ふと、緋弥の言葉が降ってきた。この中に犯人がいるかもしれない。忘れたいのに忘れられない一言。手が震えているのを感じ取る。トイレへ行くふりをして、手を隠した。彼の言動からは意図を感じ取れるから、私がそれを勝手に壊すわけにはいかない。しかし、黙っているというのは、想像を超える苦しみをもたらす。犯罪を犯したかのような罪悪感に襲われていた。簡単な暴言でそれを壊せるのなら、どんなに良かったか。そんなことをしても惨めな自分が映るだけだ。
震えが収まったので、リビングへ戻った。
その後、気になるものは出なかった。もう十分発見されたのだけれど。
帰りの車で会話はなかった。それぞれ考え事をしていた。おそらく、その内容は一致していると思う。これだけ、発見物があったのだから、動揺するのもおかしいことではない。

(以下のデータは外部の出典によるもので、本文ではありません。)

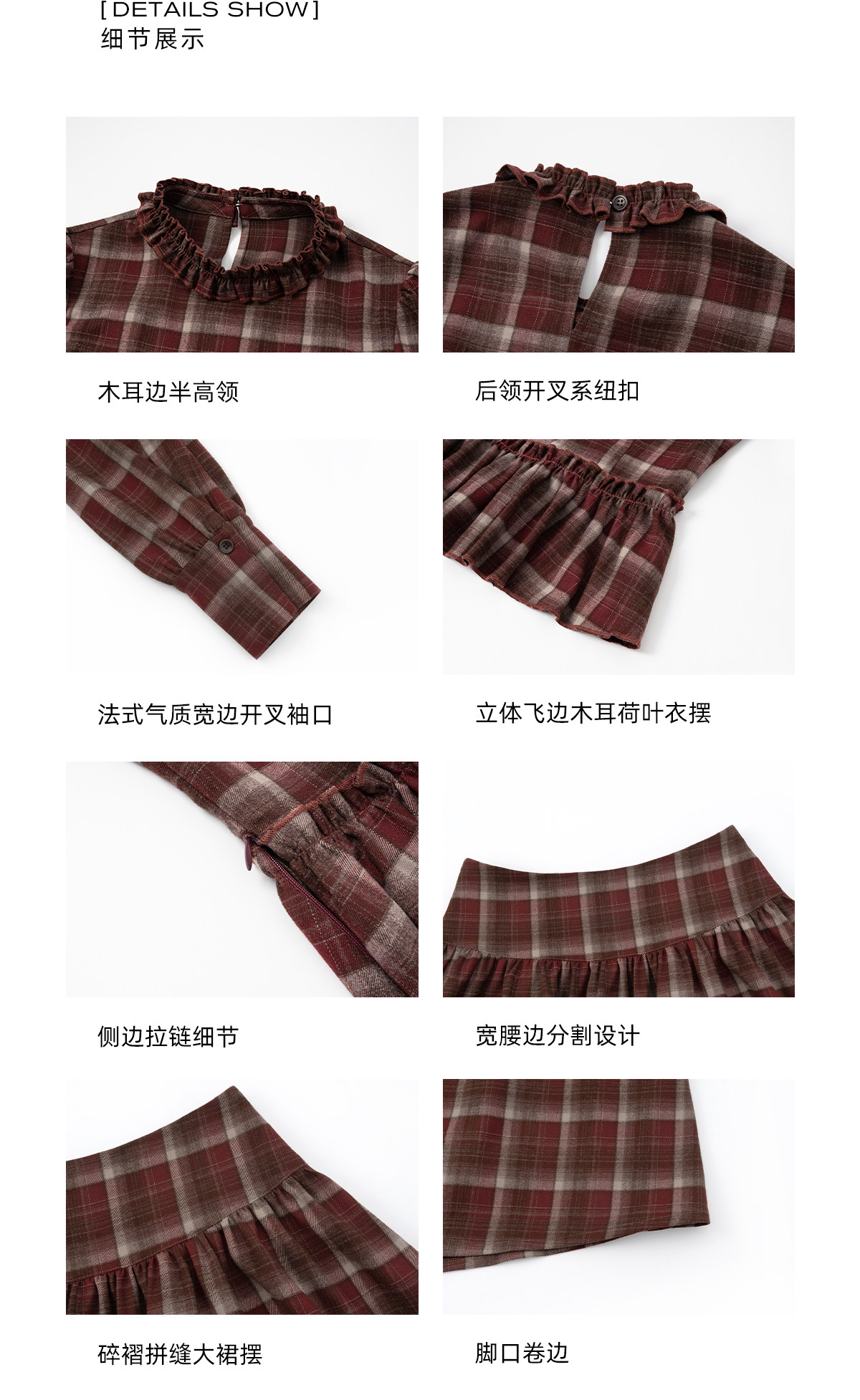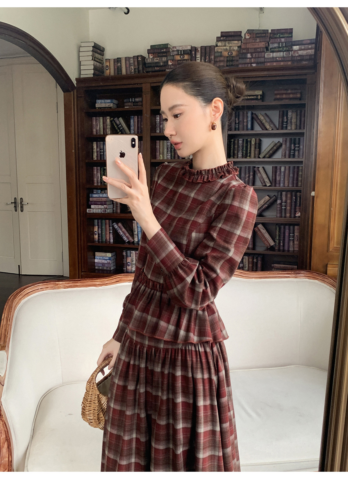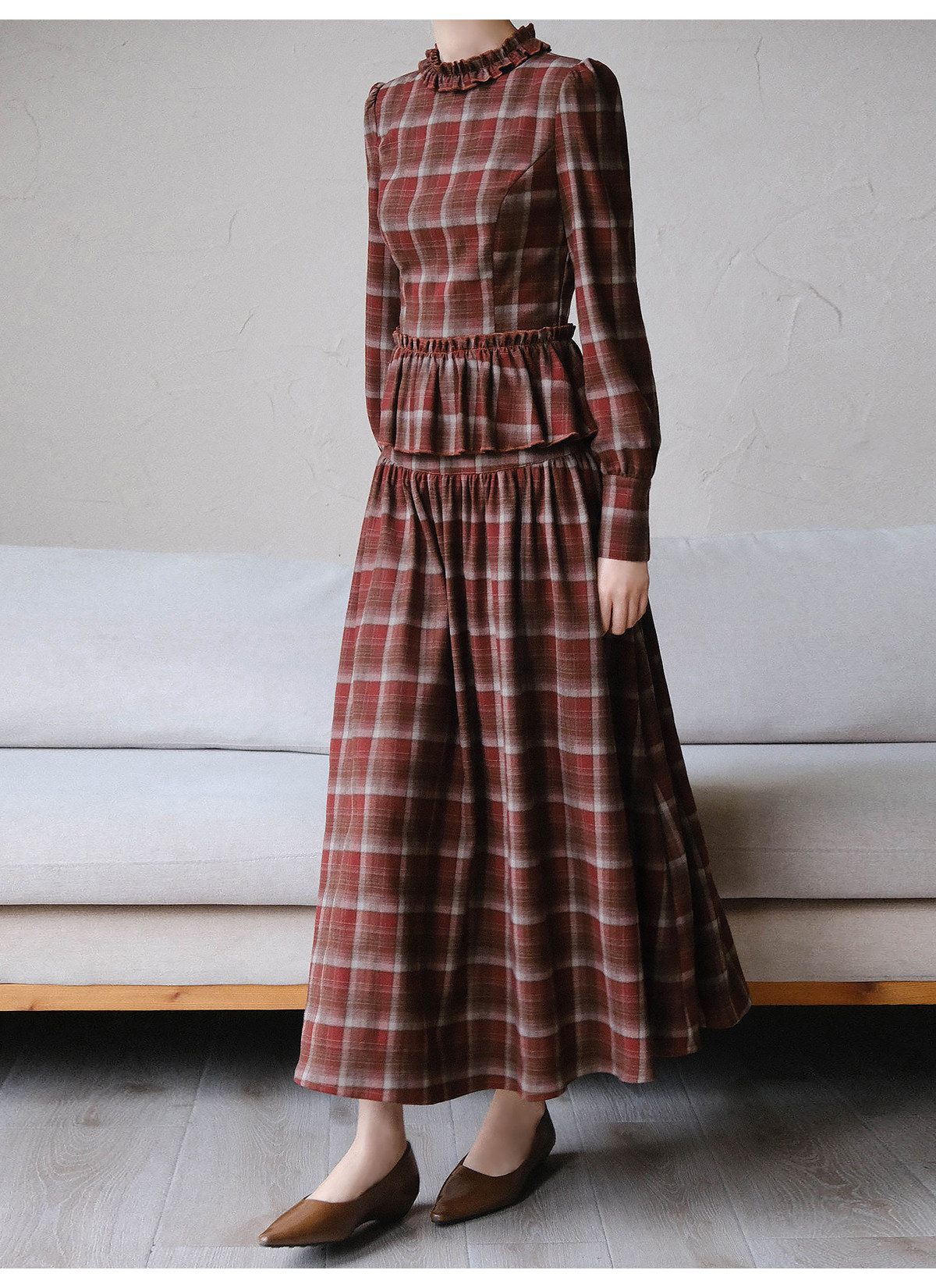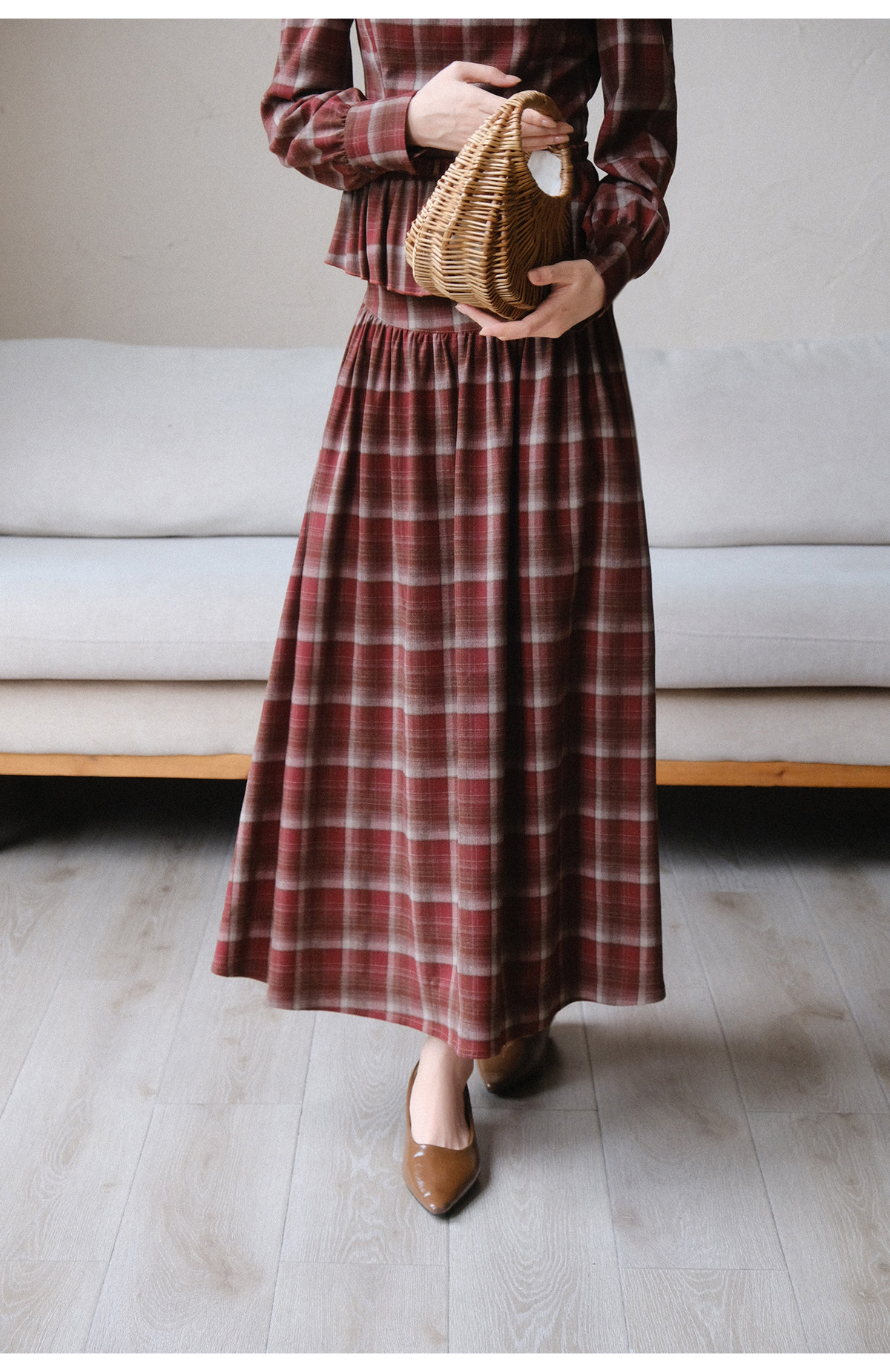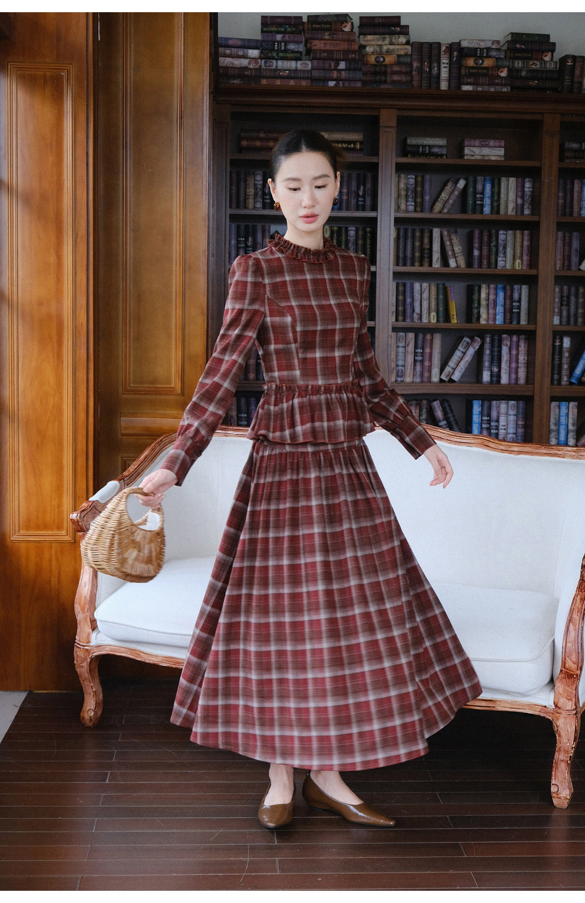 Sort by color Coffee red plaid-tops,Coffee red grid-skirt,Coffee red grid-suit

正直言うと、大したことないと思っていた。何も出てこないことを想定していた。だから熱海の時はがっかりより、安心した。このまま秩序が保たれていれば良かった。しかし、このままだと、平和な道は無さそうだ。誰かしらが何かしらに関与していることは、間違いない、のかもしれない。
不安で仕方なかった。逃げ出してしまいたかった。それで本当に逃げることができるのならば。
窓の外に広がる暗闇が私たちの未来の関係図を表しているようで、気味が悪かった。泣きそうだった。苦しかった。
その夜は眠れなかった。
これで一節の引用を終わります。